So now that we know the new URIs are loaded, let’s see if the API can recognize it. Just in case you have already tried these in the API before, let’s first flush the API’s memcache:

stain@heater:~/data/uniprot$ docker restart ops-memcached

Now we think the data loaded should be targets, so let’s ask the official Open PHACTS /target API first:


Page Not Found

So we’ll rewrite that URL to use our new install:


The first time you run the query it might be slow, but it should eventually return:

<result format="linked-data-api" version="2.0" href="http://heater.cs.man.ac.uk:3002/target?uri=http%3A%2F%2Fpurl.uniprot.org%2Funiprot%2FE9PX95&app_id=161aeb7d&app_key=333c09ae195d777b68a117bb42f29b1c">
<primaryTopic href="http://purl.uniprot.org/uniprot/E9PX95">
<exactMatch href="http://purl.uniprot.org/uniprot/E9PX95"/>
<molecularWeight datatype="int">196020</molecularWeight>
<inDataset href="http://purl.uniprot.org"/>
<mass datatype="int">196020</mass>
<item href="http://purl.obolibrary.org/obo/GO_0016021"/>
<item href="http://purl.uniprot.org/keywords/325"/>
<item href="http://purl.uniprot.org/keywords/67"/>
<item href="http://purl.uniprot.org/keywords/677"/>
<item href="http://purl.uniprot.org/keywords/445"/>
<item href="http://purl.uniprot.org/keywords/256"/>
<item href="http://purl.uniprot.org/keywords/443"/>
<item href="http://purl.obolibrary.org/obo/GO_0042626"/>
<item href="http://purl.uniprot.org/keywords/963"/>
<item href="http://purl.obolibrary.org/obo/GO_0006638"/>
<item href="http://purl.obolibrary.org/obo/GO_0005783"/>
<item href="http://purl.obolibrary.org/obo/GO_0005789"/>
<item href="http://purl.uniprot.org/keywords/1133"/>
<item href="http://purl.obolibrary.org/obo/GO_0005524"/>
<item href="http://purl.uniprot.org/keywords/1185"/>
<item href="http://purl.obolibrary.org/obo/GO_0006869"/>
Promotes cholesterol efflux from sperm which renders sperm capable of fertilization (PubMed:22237709). Has also been shown to decrease levels of intracellular esterified neutral lipids including cholesteryl esters, fatty acid esters and triacylglycerols (PubMed:15810880).
<linkPredicate href="http://www.w3.org/2004/02/skos/core#exactMatch"/>
<extendedMetadataVersion href="http://heater.cs.man.ac.uk:3002/target?uri=http%3A%2F%2Fpurl.uniprot.org%2Funiprot%2FE9PX95&app_id=161aeb7d&app_key=333c09ae195d777b68a117bb42f29b1c&_metadata=all%2Cviews%2Cformats%2Cexecution%2Cbindings%2Csite"/>
<definition href="http://heater.cs.man.ac.uk:3002/api-config"/>

Identity mapping

When we add new data to Open PHACTS, that will usually come with new URIs.
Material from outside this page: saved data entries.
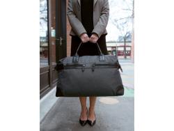 Stand out from the crowd with this chic timeless design. This executive travel bag is perfect for your next business trip or weekend away. 600D polyester, 1 inside zippered pocket, 3 outside zippered pockets for instant access, adjustable and removable padded shoulder strap, size 11.5” x 21.5” x 10”, capacity 41 liters (4 boxes of 10)
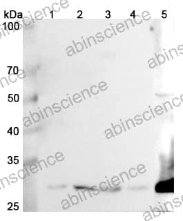 Western blot analysis was performed using anti-GCLM polyclonal antibody at 1μg/ml on various samples. Lane 1: K562 cell lysate Lane 2: NICH460 cell lysate Lane 3: Mouse liver lysate Lane 4: Mouse spleen lysate Lane 5: Rat kidney lysate
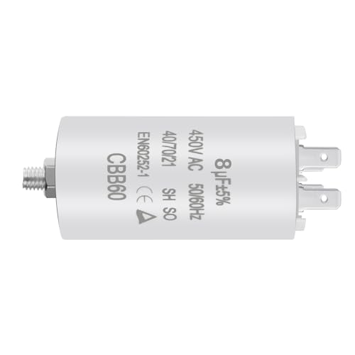 OFFCUP Motorkondensator CBB60 startkondensator 8μF 450V kondensator 8μF 450V CBB60 kondensatorer kontakt lämplig för elmotorer och poolpumpar, elmotor, 50/60 Hz
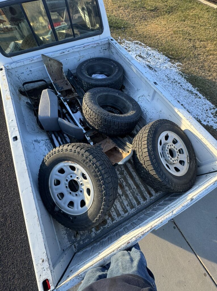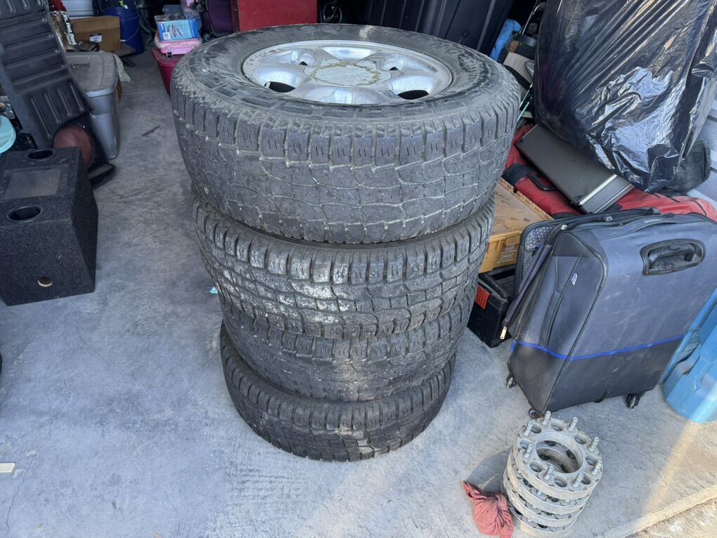 1st set 33/12.50R18 mud tires $100 2nd set 265/70R17 tires on 6 lug gmc wheels $100 3rd set 5 spoke Chevy wheels 8x180 lug pattern $100 4th set 275/65R18 all terrain tires on steel Chevy wheels 8x180 lug pattern $200 I have some lug nuts as well

One great advantage of the Open PHACTS platform is that it performs identity mapping, so if we ask the Identity Mapping Service (IMS) about http://www.uniprot.org/uniprot/P01189 - we get also related identifiers including:

  • http://identifiers.org/drugbankv4.target/BE0000947
  • http://identifiers.org/ensembl/ENSG00000115138
  • http://bio2rdf.org/genbank:AAA35799
  • http://identifiers.org/nextprot/NX_P01189

This mapping means that any of these URIs can be used instead of the original uniprot URL in the Open PHACTS API calls, e.g. asking /target about genbank:AAA35799 includes the Uniprot information:

<exactMatch href="http://purl.uniprot.org/uniprot/P01189">
<molecularWeight datatype="int">29424</molecularWeight>
<inDataset href="http://purl.uniprot.org"/>
<organism href="http://purl.uniprot.org/taxonomy/9606"/>
<!-- .. -->

But in order for IMS to do this, it needs to be loaded with linksets. Now we have updated the Uniprot RDF data in Virtuoso, but we have not provided new linksets to IMS - let’s try with the new identifier http://purl.uniprot.org/uniprot/E9PX95 - IMS only shows self-mappings:

UniProt Isoform: E9PX95

  • http://purl.uniprot.org/uniprot/E9PX95
  • http://www.uniprot.org/uniparc/?query=E9PX95
  • http://identifiers.org/uniprot.isoform/E9PX95
  • http://info.identifiers.org/uniprot.isoform/E9PX95
  • http://www.uniprot.org/uniprot/E9PX95
  • This is an automatic mapping to alternative equals URIs

However we can see in from the earlier DESCRIBE that the Uniprot data include database cross-references, e.g. to Unigene and Ensembl:

ns1:E9PX95	rdfs:seeAlso
		<http://purl.uniprot.org/unigene/Mm.328842> .

@prefix ns6:	<http://purl.uniprot.org/ensembl/> .
ns1:E9PX95	rdfs:seeAlso	ns6:ENSMUST00000039324 .

Different linksets are downloaded or created in different ways, for instance the mapping from Uniprot to UniGene is loaded from uniprot_unigene.ttl.gz.

Many of our linksets have a corresponding GitHub repository, in this case https://github.com/openphacts/ops-uniprot-linksets which has a series of sparql queries together with the resulting linksets void metadata.

Here we will check this out with git, but you could also use the Download ZIP button.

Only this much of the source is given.